5.5. Het Hof overweegt dat aan belanghebbende kan worden toegegeven dat belastingheffing over terugbetaling van agio in gevallen waarin geen sprake is van zuivere winst bij de vennootschap niet past in de systematiek die de wetgever voor ogen stond bij de invoering per 1 januari 1997 van het vernieuwde aanmerkelijkbelangregime, waarbij is gekozen voor een subjectieve benadering bij de bepaling van de voordelen uit aanmerkelijk belang.

5.6. Het Hof overweegt voorts dat in het onderhavige geval belastingheffing over de terugbetaling van het agio voor een bedrag van ƒ 3.300.000 eenvoudig had kunnen worden vermeden door de agioreserve tot dit bedrag om te zetten in nominaal gestort aandelenkapitaal en vervolgens dit kapitaal met dit bedrag te verminderen en terug te betalen aan belanghebbende.

5.7. Nu, zonder dat daarvoor goede redenen bestonden, is nagelaten de in 5.6 geschetste weg te volgen is er naar het oordeel van het Hof geen mogelijkheid de belastingheffing die volgens de duidelijke tekst van de Wet behoort plaats te vinden achterwege te laten, hoezeer ook aan belanghebbende kan worden toegegeven dat de Wet op dit punt anders had kunnen luiden.

In dit verband merkt het Hof nog op dat belanghebbende zijn stelling dat het vennootschapsrechtelijk niet mogelijk was het agio voor een bedrag van ƒ 3.300.000 om te zetten in nominaal gestort kapitaal ter zitting heeft ingetrokken.

5.8. Met betrekking tot het beroep van belanghebbende op het arrest HR 4 oktober 1978, nr. 18 736, BNB 1978/299, overweegt het Hof dat dit arrest is gewezen voor een geval waarin de handelwijze van een belastingplichtige overeenkomstig de wettelijke bepalingen tot gevolg had dat belastingheffing in overeenstemming met doel en strekking van de wettekst niet plaats kon vinden.
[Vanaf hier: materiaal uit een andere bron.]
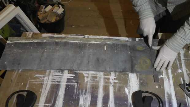 Marqué 45mm desde el extremo de la hoja, pero encontré que mi peso era un poco sobredimensionada debido a las inexactitudes por lo que recomiendo más como 40 milímetros de la marca. Ahora marcar líneas dos veces la distancia original a lo largo de la longitud de la pieza de plomo.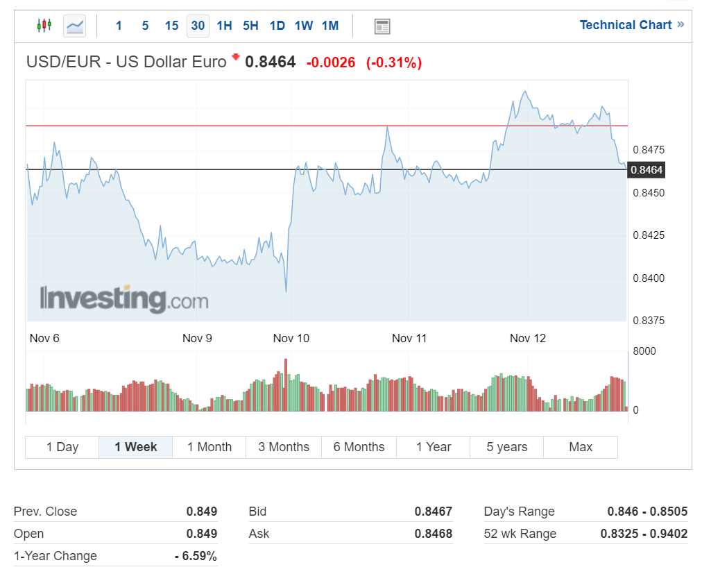 유로 환율도 이번 주 초반 상승세를 유지하면서 1달러당 0.8464를 기록 중입니다.
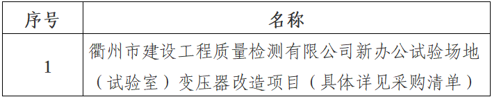一、采購項目名稱:衢州市建設(shè)工程質(zhì)量檢測有限公司新辦公試驗場地(試驗室)變壓器改造項目

In het onderhavige geval is sprake van belastingheffing die, zoals het Hof in 4.6 heeft overwogen, eenvoudig had kunnen worden vermeden. Het Hof verwerpt daarom belanghebbendes standpunt dat van de belastingheffing die heeft plaatsgevonden op grond van genoemd arrest kan worden afgezien. Het Hof wijst er in dit verband op dat de verkrijgingsprijs van de aandelen P-B.V. door het terugbetalen van agio niet is gewijzigd waardoor bij vervreemding van de aandelen P-B.V., dan wel bij liquidatie van de vennootschap, een resultaat uit aanmerkelijk belang zal worden gerealiseerd dat ƒ 3.300.000 lager is dan wanneer de in 4.6 aangegeven weg was gevolgd.

6. Proceskosten

Het Hof acht geen termen aanwezig een partij te veroordelen tot vergoeding van proceskosten op de voet van artikel 8:75 van de Algemene wet bestuursrecht.

7. Beslissing

Het Hof verklaart het beroep ongegrond.

De uitspraak is vastgesteld op 24 mei 2006 door mrs. J.P.F. Slijpen, voorzitter, O.B. Onnes en P.M.F. van Loon, leden, in tegenwoordigheid van mr. M.H.A. Brands als griffier. De beslissing is op die datum in het openbaar uitgesproken.

Het Hof heeft geen bezwaar tegen afgifte door de griffier van een afschrift van deze uitspraak in geanonimiseerde vorm.

Tegen deze uitspraak kan binnen zes weken na de verzenddatum beroep in cassatie worden ingesteld bij de Hoge Raad der Nederlanden (belastingkamer), Postbus 20303, 2500 EH Den Haag. Daarbij moet het volgende in acht worden genomen:

1 - bij het beroepschrift wordt een afschrift van deze uitspraak overgelegd.

2 - het beroepschrift moet ondertekend zijn en ten minste het volgende vermelden:

a. de naam en het adres van de indiener;

b. een dagtekening;

c. een omschrijving van de uitspraak waartegen het beroep in cassatie is gericht;

d. de gronden van het beroep in cassatie.

Voor het instellen van beroep in cassatie is griffierecht verschuldigd. Na het instellen van beroep in cassatie ontvangt de indiener een nota griffierecht van de griffier van de Hoge Raad.

In het cassatieberoepschrift kan de Hoge Raad verzocht worden om de wederpartij te veroordelen in de proceskosten.